You continue your search for religious agreement of Freemasonry and the dogma of the Craft.  You will find neither beyond men bound to one another by oath and respect.


----------



## Eric Edwards (Jul 23, 2012)

Frater Cliff Porter said:


> Alphonse Louis Constant was a Freemason. Initiated: 14 March, 1861 and was either suspended for non-payment or dropped from the roles on August 21, 1861 in Lodge Rose du Parfait Silence under the Grand Orient of France.  He was a wildly successful occultist and interesting dude.  I don't particular care for him, but he radically changed the Western magical tradition.
> 
> Albert Pike was a phenomenal Freemason.  Pike wrote weird things like
> 
> You continue your search for religious agreement of Freemasonry and the dogma of the Craft.  You will find neither beyond men bound to one another by oath and respect.


 
That Albert Pike quote is beautiful.


----------



## mattcaler (Jul 23, 2012)

I have to say that I agree with Brother Hatley on all his posts that he has made in this thread.  If you are genuine in your search then get off the internet and go have dinner with the men at Arlington Lodge every chance you get.  After spending a few months getting to know them, if they seem like a bunch of crooked, deceiving devil worshipers that are trying to lure you in to their cult then your friends at church could be right and you probably don't want anything to do with taking over the world via a Pinky and the Brain New World Order plot...do I sound absurd enough yet???  

Seriously though...you will know the character of the fraternity by the character of those men you eat dinner with.  Gage it by those relationships, not what you read on the internet or what your friend at church's cousin's uncle said.


----------



## Colby K (Jul 24, 2012)

mattcaler said:


> I have to say that I agree with Brother Hatley on all his posts that he has made in this thread. If you are genuine in your search then get off the internet and go have dinner with the men at Arlington Lodge every chance you get. After spending a few months getting to know them, if they seem like a bunch of crooked, deceiving devil worshipers that are trying to lure you in to their cult then your friends at church could be right and you probably don't want anything to do with taking over the world via a Pinky and the Brain New World Order plot...do I sound absurd enough yet???
> 
> Seriously though...you will know the character of the fraternity by the character of those men you eat dinner with. Gage it by those relationships, not what you read on the internet or what your friend at church's cousin's uncle said.

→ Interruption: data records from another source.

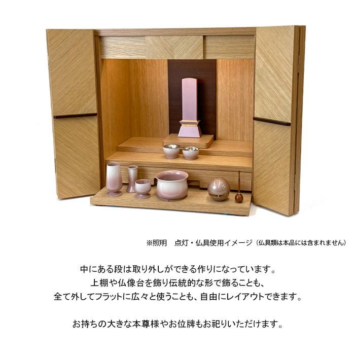 上棚や仏像台を飾り伝統的な形で飾ることも、全て外してフラットに広々と使うことも、自由にレイアウトできます。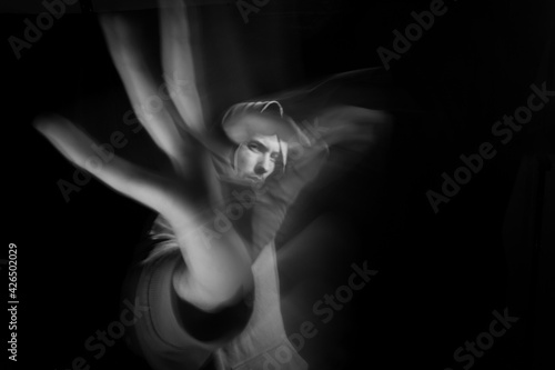 Facial face of a man in the dark. Art photography. Black-white art picture with a man. Portrait of man with blurred motion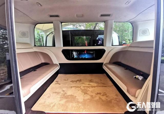 這是一輛新能源電動車,內部都是皮質座椅,每輛車可以乘坐6人,“商務版”座椅還帶有智能加熱、通風、按摩等功能,充滿了科技感。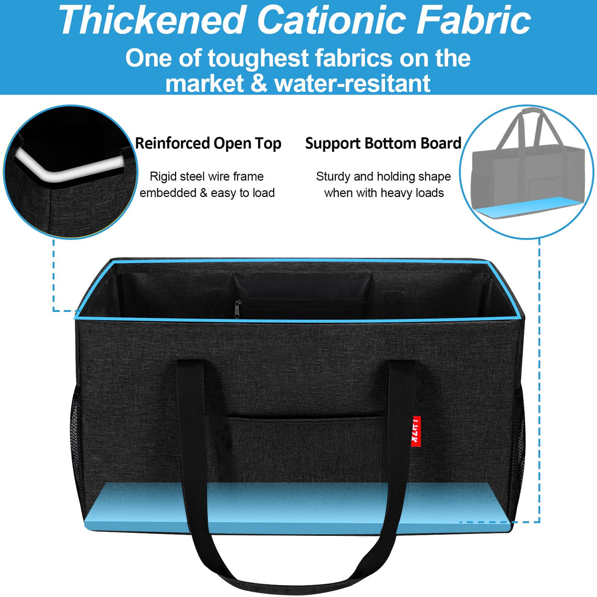 Lhzk Standing Extra Large Utility Tote Bag With Metal Wire Frame And The Sides Rinforced, Large Collapsible Tote (Black)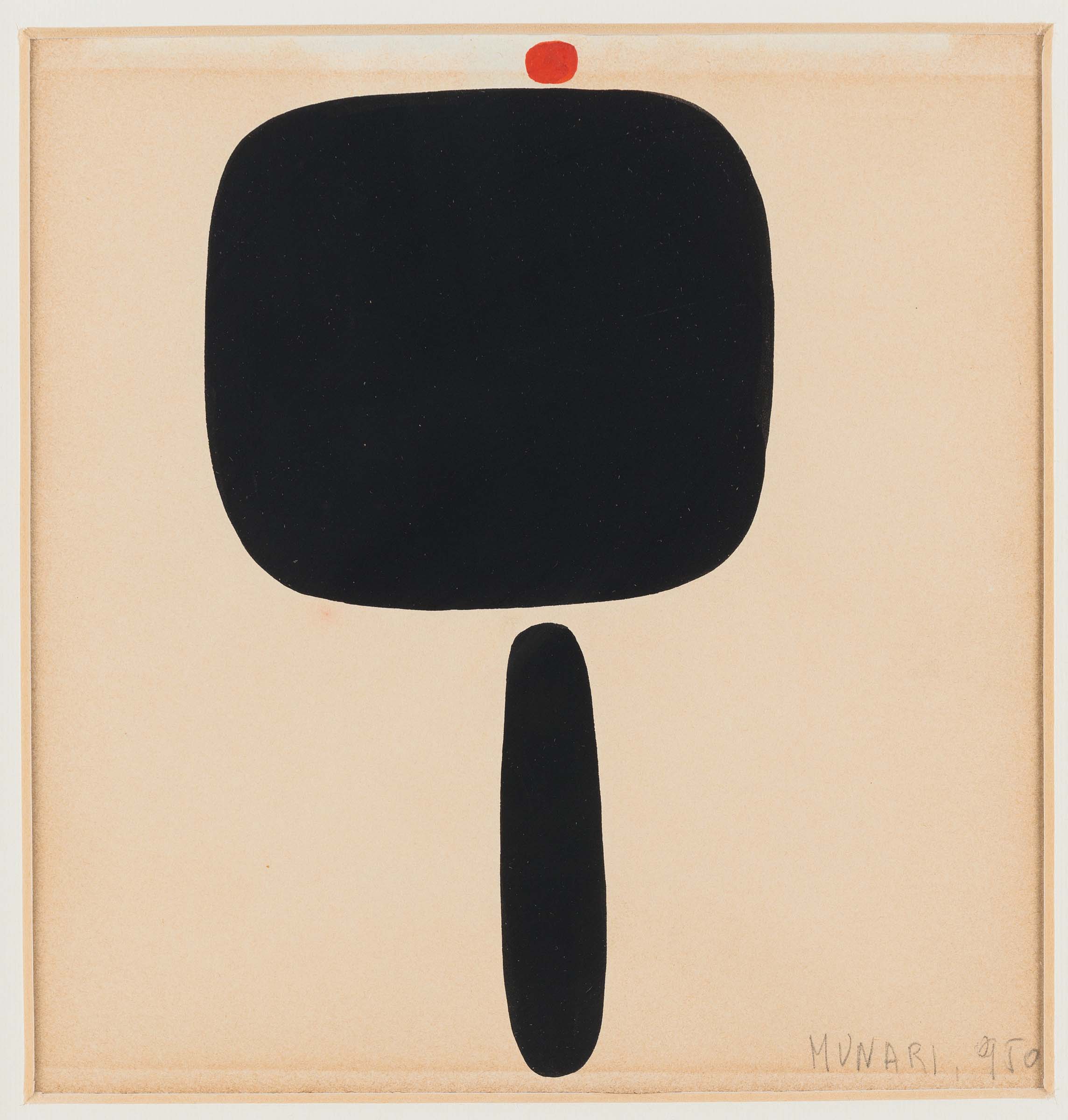 Bruno Munari (1907-1998), Rosso a Nord, 1950 tempera su carta, cm 18x17,5, firmato e datato in basso a destra, titolo e firma sul retro, autentica su fotografia di Bruno Munari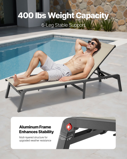 2Pcs Foldable Chaise Lounge Chair Adjustable Back Outdoor Pool Sun Tanning Chair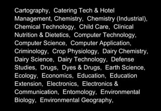 This document lists various science and engineering courses available at the B.Sc level. It includes over 150 science subjects across many disciplines like agriculture, biology, chemistry, computer science, earth science, economics, engineering, environmental science, food science, geography, geology, healthcare, mathematics, physics, social science, statistics and more. It also lists over 30 branches of engineering including aerospace, automobile, biomedical, chemical, civil, computer, electrical, electronics, environmental, food technology, mechanical and others. Finally, it provides a table showing the best career-focused courses in sectors like pharmacy, healthcare, hospitality, media and others.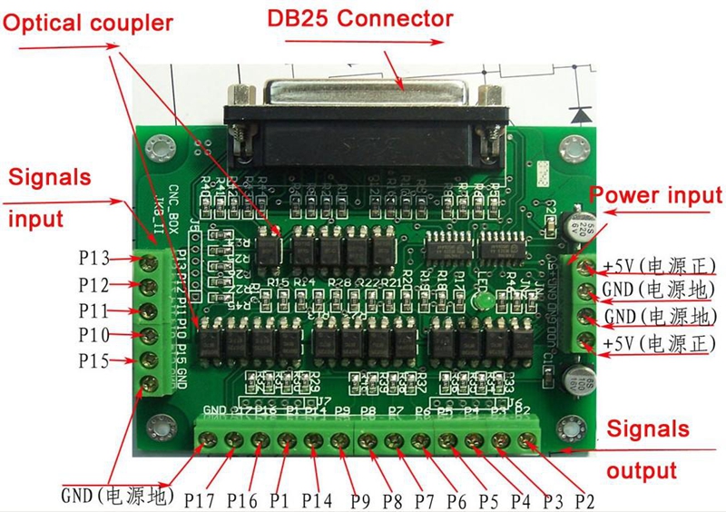- DB25 Output Pin:P1,P2,P3,P4,P5,P6,P7,P8,P9,P14,P16,P17.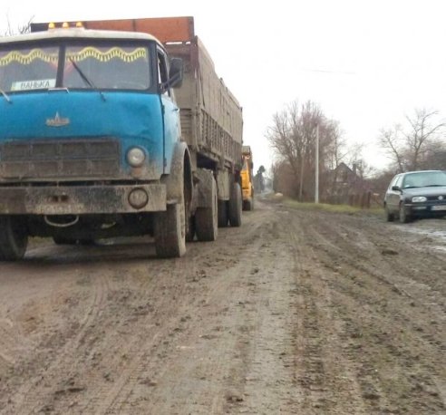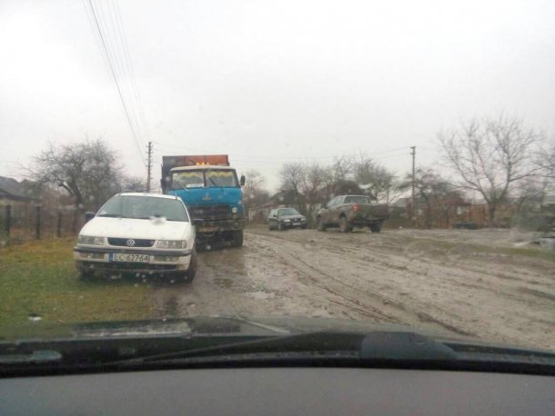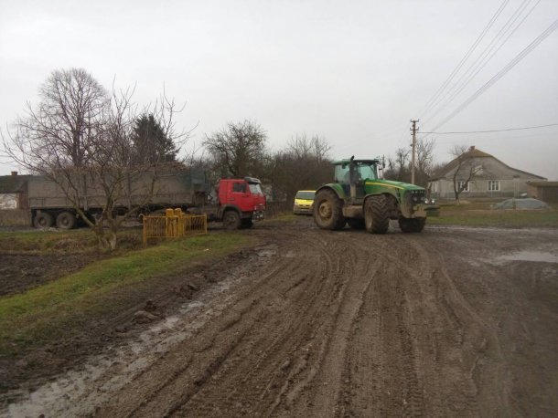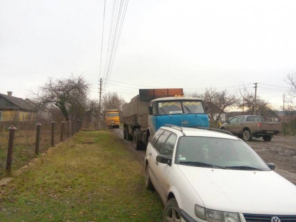 Вантажівки з кількома причепами та дощова погода зробили своє: вулиця перетворилася на болотну ковзанку.

I could've said it better.  The only site I looked at before I petitioned / while working on my degrees was www.askafreemason.org.  nothing was spoiled for me and I had no false information.  The brothers at my lodge gave me everything I needed and never led me astray.


----------



## Bro_Vick (Jul 24, 2012)

The only other thing I would offer that others here haven't stated that your constant emphasis on conflict of the philosophies of Freemasonry and your religious views means it will over time become manifest destiny.  If you honestly believe that there is a core conflict or are constantly looking for devil worshipers, Wicca occultists, or some other evil force, you are going to alienate your potential brothers and cause nothing more than discord as others here have stated.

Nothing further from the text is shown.